===== Data provided

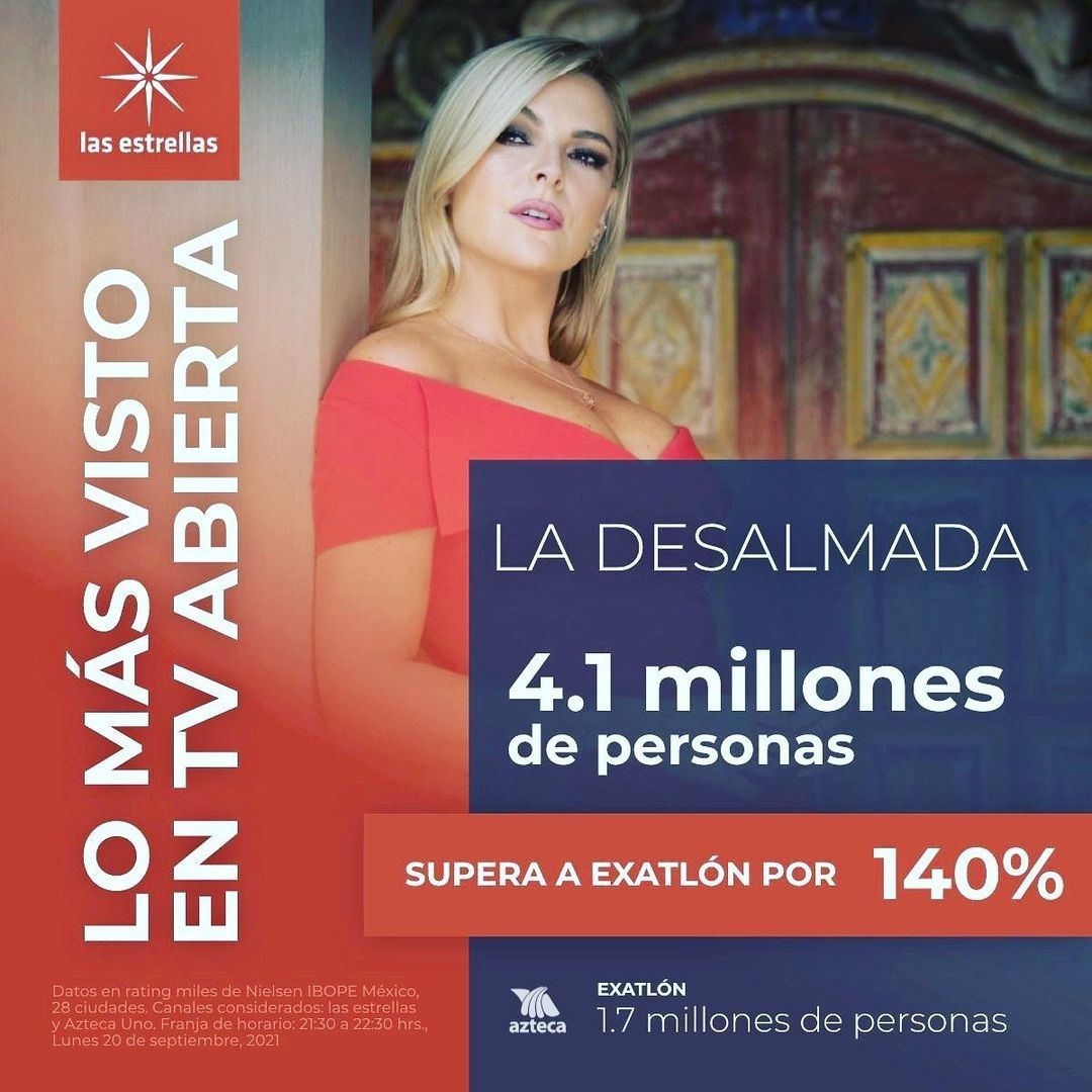 Sin embargo, en esta ocasión, la peculiar rubia es tendencia en diversos portales de noticias del espectáculos ya que compartió un información sobre la telenovela La Desalmada que dejó a todos sus seguidores sorprendidos. Es que la famosa tira mexicana pertenece al canal "Las Estrellas". En el dicha publicación Marjorie afirmó que la mencionada telenovela superó por un 140% a Exatlón México. Llegando así a tener 4.1 millones de televidentes. Con este dato demostró que es lo más visto en la TV abierta.
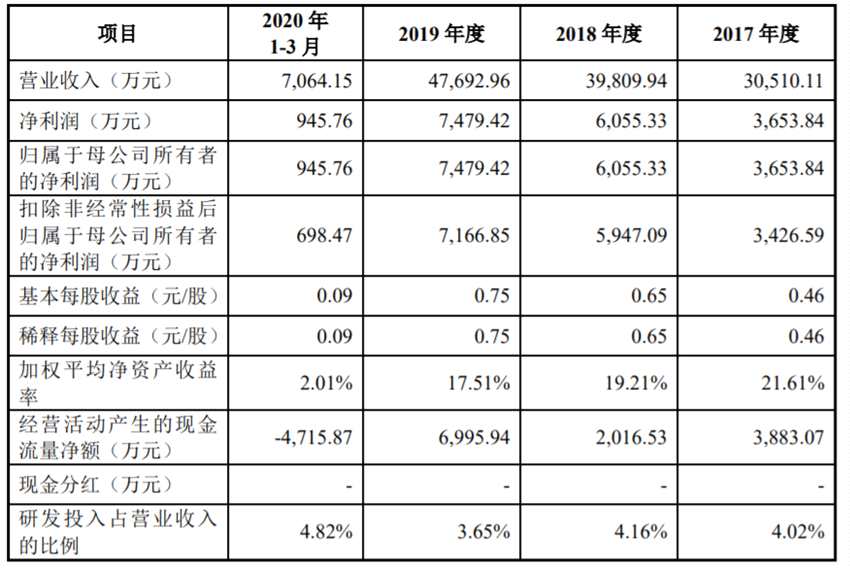 2017年-2020年一季度,佳奇科技分別實(shí)現(xiàn)營業(yè)收入3.05億元、3.98億元、4.77億元和7064.15萬元;歸屬于母公司所有者的凈利潤3653.84萬元、6055.33萬元、7479.42萬元和945.76萬元。
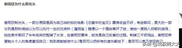 有段时间,谢雨欣剃了光头,外界纷纷猜测,该不会她看破红尘要出家吧?
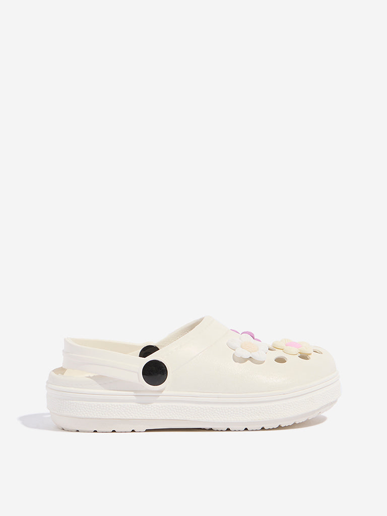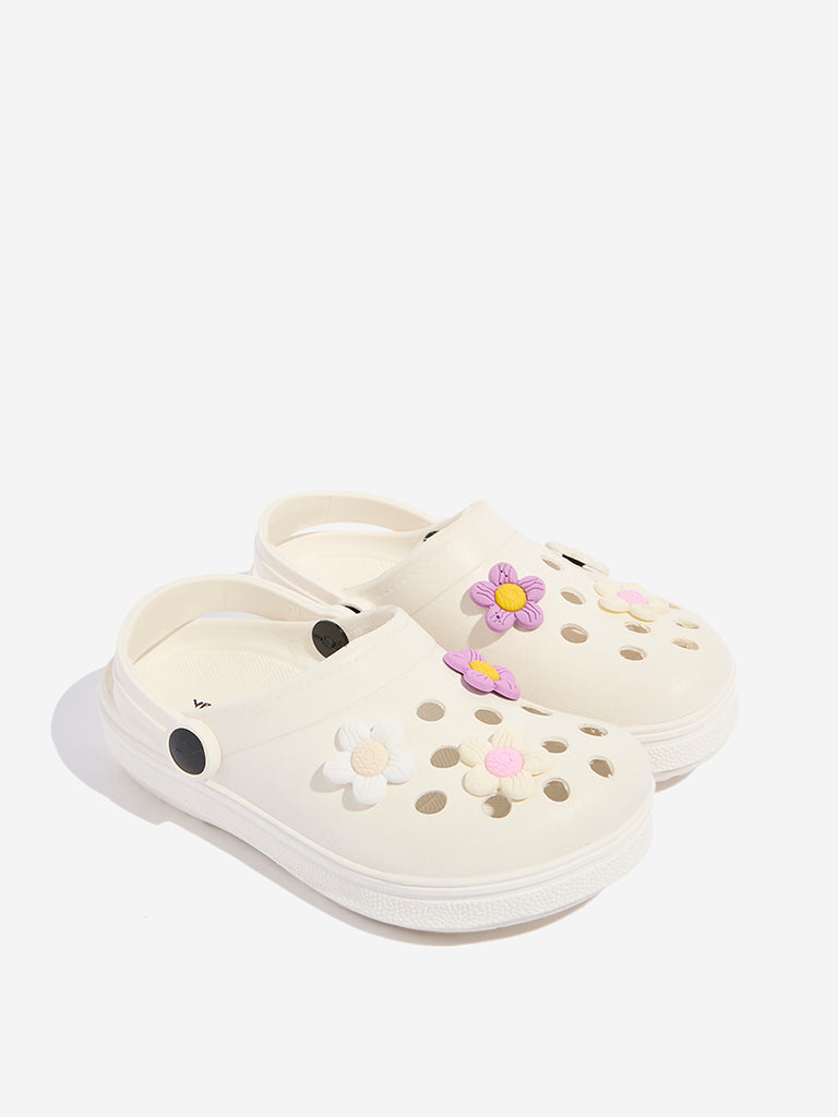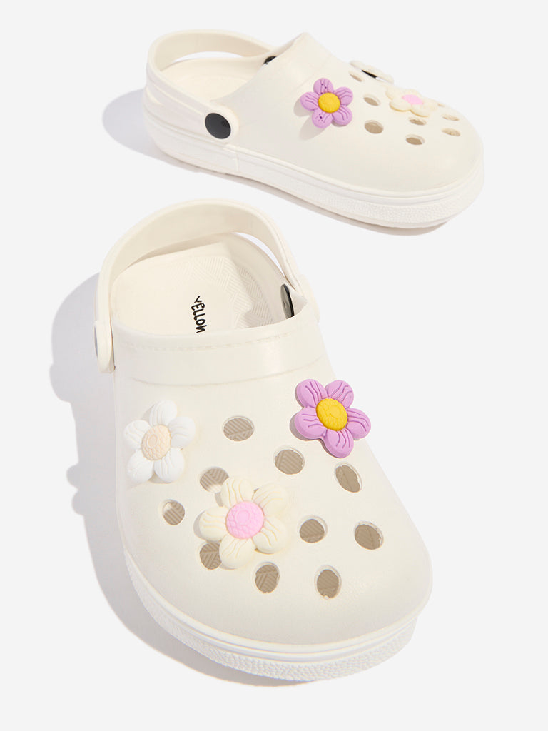 Yellow launches these white perforated clogs. designed with charming floral-themed applique detailing for a playful touch. The breathable perforated exterior keeps little feet cool. while the slingback strap ensures a secure and comfortable fit. Featuring a soft insole for added cushioning and a textured outsole for reliable grip. they are perfect for outdoor play or casual outings. Stylish and functional. they’re a must-have for your child’s footwear collection.
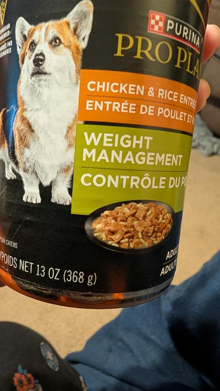 - Purina Pro Plan Weight Control Adult High Protein Beef & Rice Entree Canned Dog Food, 13-oz can, case of 12$37.44 Chewy Price$39.48 List Price$35.57 Autoship PricePromo, New Customers Only: Spend $49+, Get $20 eGift Card +1 deal

==========

_Task requirements_
Only the records themselves, retyped exactly, belong in the answer; please leave all images behind.

_Answer below_
 Sin embargo, en esta ocasión, la peculiar rubia es tendencia en diversos portales de noticias del espectáculos ya que compartió un información sobre la telenovela La Desalmada que dejó a todos sus seguidores sorprendidos. Es que la famosa tira mexicana pertenece al canal "Las Estrellas". En el dicha publicación Marjorie afirmó que la mencionada telenovela superó por un 140% a Exatlón México. Llegando así a tener 4.1 millones de televidentes. Con este dato demostró que es lo más visto en la TV abierta.
 2017年-2020年一季度,佳奇科技分別實(shí)現(xiàn)營業(yè)收入3.05億元、3.98億元、4.77億元和7064.15萬元;歸屬于母公司所有者的凈利潤3653.84萬元、6055.33萬元、7479.42萬元和945.76萬元。
 有段时间,谢雨欣剃了光头,外界纷纷猜测,该不会她看破红尘要出家吧?
 Yellow launches these white perforated clogs. designed with charming floral-themed applique detailing for a playful touch. The breathable perforated exterior keeps little feet cool. while the slingback strap ensures a secure and comfortable fit. Featuring a soft insole for added cushioning and a textured outsole for reliable grip. they are perfect for outdoor play or casual outings. Stylish and functional. they’re a must-have for your child’s footwear collection.
 - Purina Pro Plan Weight Control Adult High Protein Beef & Rice Entree Canned Dog Food, 13-oz can, case of 12$37.44 Chewy Price$39.48 List Price$35.57 Autoship PricePromo, New Customers Only: Spend $49+, Get $20 eGift Card +1 deal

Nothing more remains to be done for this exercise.